Врач Виктор Немец: любой человек может доказать, что живет не зря
Во время интервью, глядя на сдержанную жестикуляцию заведующего отделением анестезиологии‐реанимации областной детской больницы Виктора Немца, я думала о том, сколько хрупких ростков человеческих жизней согрели и спасли эти руки, скольким саженцам помогли прижиться и какой уже, должно быть, за десятилетия работы большой и красивый получился лес. Виктор Дмитриевич — Врач с большой буквы, но он тоже неизлечимо болен. Диагноз поставил себе сам много лет назад — "болезнь жалости". С самого детства ему жаль всех, кому больно, плохо, тяжело, кто слишком мал, чтобы попросить о спасении, и всю свою жизнь он посвятил тому, чтобы протягивать руку помощи. Чтобы потом видеть — да, деревце прижилось, значит все хорошо.

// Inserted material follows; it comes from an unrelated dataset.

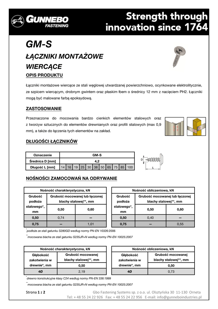 GM-S ŁĄCZNIKI MONTAŻOWE WIERCĄCE OPIS PRODUKTU Łączniki montażowe wiercące ze stali węglowej utwardzanej powierzchniowo, ocynkowane elektrolitycznie, ze szpicem wiercącym, drobnym gwintem oraz płaskim łbem o średnicy 12 mm z nacięciem PH2. Łączniki mogą być malowane farbą epoksydową. ZASTOSOWANIE Przeznaczone do mocowania bardzo cienkich elementów stalowych oraz z tworzyw sztucznych do elementów drewnianych oraz profili stalowych (max 0,9 mm), a także do łączenia tych elementów na zakład. DŁUGOŚCI ŁĄCZNIKÓW Oznaczenie GM-S Średnica D [mm] 4,2 Długość L [mm] 14 16 19 25 30 38 50 65 75 85 100 NOŚNOŚCI ZAMOCOWAŃ NA ODRYWANIE Nośność charakterystyczna, kN Grubość Grubość mocowanej lub łączonej podłoża blachy stalowej**, mm stalowego*, 0,50 0,60 0,50 0,74 — 0,75 — 1,01 mm Nośność obliczeniowa, kN Grubość Grubość mocowanej lub łączonej podłoża blachy stalowej**, mm stalowego*, 0,50 0,60 0,50 0,40 — 0,75 — 0,55 mm * podłoże ze stali gatunku S280GD według normy PN-EN 10326:2006 ** mocowana blacha ze stali gatunku S235JR+N według normy PN-EN 10025:2007 Nośność charakterystyczna, kN Nośność obliczeniowa, kN Głębokość Grubość mocowanej Głębokość Grubość mocowanej zakotwienia w blachy stalowej**, mm zakotwienia w blachy stalowej**, mm drewnie*, mm 0,50 drewnie*, mm 0,50 4Ø 2,19 4Ø 0,73 * drewno konstrukcyjne klasy C24 według normy PN-EN 338:1999 ** mocowana blacha ze stali gatunku S235JR+N według normy PN-EN 10025:2007 Strona 1 z 2 Gbo Fastening Systems sp. z o.o. ul. Olsztyńska 30 11-130 Orneta Tel: + 48 55 24 22 926 Fax: + 48 55 24 22 956 E-mail: [email protected] NOŚNOŚCI ZAMOCOWAŃ NA ŚCINANIE * Nośność charakterystyczna, kN Nośność obliczeniowa, kN Grubość mocowanej lub łączonej Grubość mocowanej lub łączonej blachy stalowej*, mm blachy stalowej*, mm 0,50 0,60 0,75 0,50 0,60 0,75 0,92 1,32 2,11 0,50 0,72 1,15 podłoże ze stali gatunku S280GD według normy PN-EN 10346:2006, mocowana blacha ze stali gatunku S235JR+N według normy PN-EN 10025:2007 INNE CECHY UŻYTKOWE BLACHA / DREWNO MATERIAŁ PODŁOŻA: ŚREDNICA ŁBA PŁASKIEGO: 12 mm TYP NACIĘCIA: PH2 0,9 mm MAKSYMALNA ZDOLNOŚĆ WIERCENIA: GRUBOŚĆ POWŁOKI CYNKOWEJ: 5 µm MOŻLIWOŚĆ MALOWANIA: TAK GRUBOŚĆ POWŁOKI LAKIERNICZEJ: 50 µm 1300 obr/min ZALECANA PRĘDKOŚĆ OBROTOWA ZAKRĘTARKI (BIEG JAŁOWY): AT-15-5242/2011 Strona 2 z 2 ITB-227/Z J-30-20151-11 Gbo Fastening Systems sp. z o.o. ul. Olsztyńska 30 11-130 Orneta Tel: + 48 55 24 22 926 Fax: + 48 55 24 22 956 E-mail: [email protected]

Родился 11 июля 1949 года в поселке Саньково Злынковского района Брянской области. В 1972 году окончил Благовещенский государственный медицинский институт. Работал хирургом шебунинской больницы Невельского района, анестезиологом-реаниматологом невельской больницы и Сахалинской областной больницы. Заведовал отделением анестезиологии Южно‐Сахалинской детской больницы и отделением анестезиологии‐реанимации Сахалинской областной больницы, также работал заместителем главного врача по лечебной работе областной больницы. С 1988 года и по настоящее время — заведующий отделением анестезиологии‐реанимации областной детской больницы.
Заслуженный работник здравоохранения Сахалинской области. Лауреат Премии мэра Южно‐Сахалинска в номинации "Дарю жизнь", Заслуженный врач России, лауреат конкурса "Лучший врач Сахалинской области 2013 года".
— Виктор Дмитриевич, с чего обычно начинается утро вашего рабочего дня?
— Встаю я рано — в пять, в половину шестого — и сразу как-то автоматически, зрительно представляю свое отделение: этот ребенок, вот этот ребенок, какие проблемы у каждого из них могут возникнуть сегодня, и какие конкретно вопросы мне с моими врачами нужно будет решать. В восемь я уже на работе, у меня обход больных, потом отчет дежурной смены, ну и затем в течение дня я реализовываю свои мысли по поводу больных.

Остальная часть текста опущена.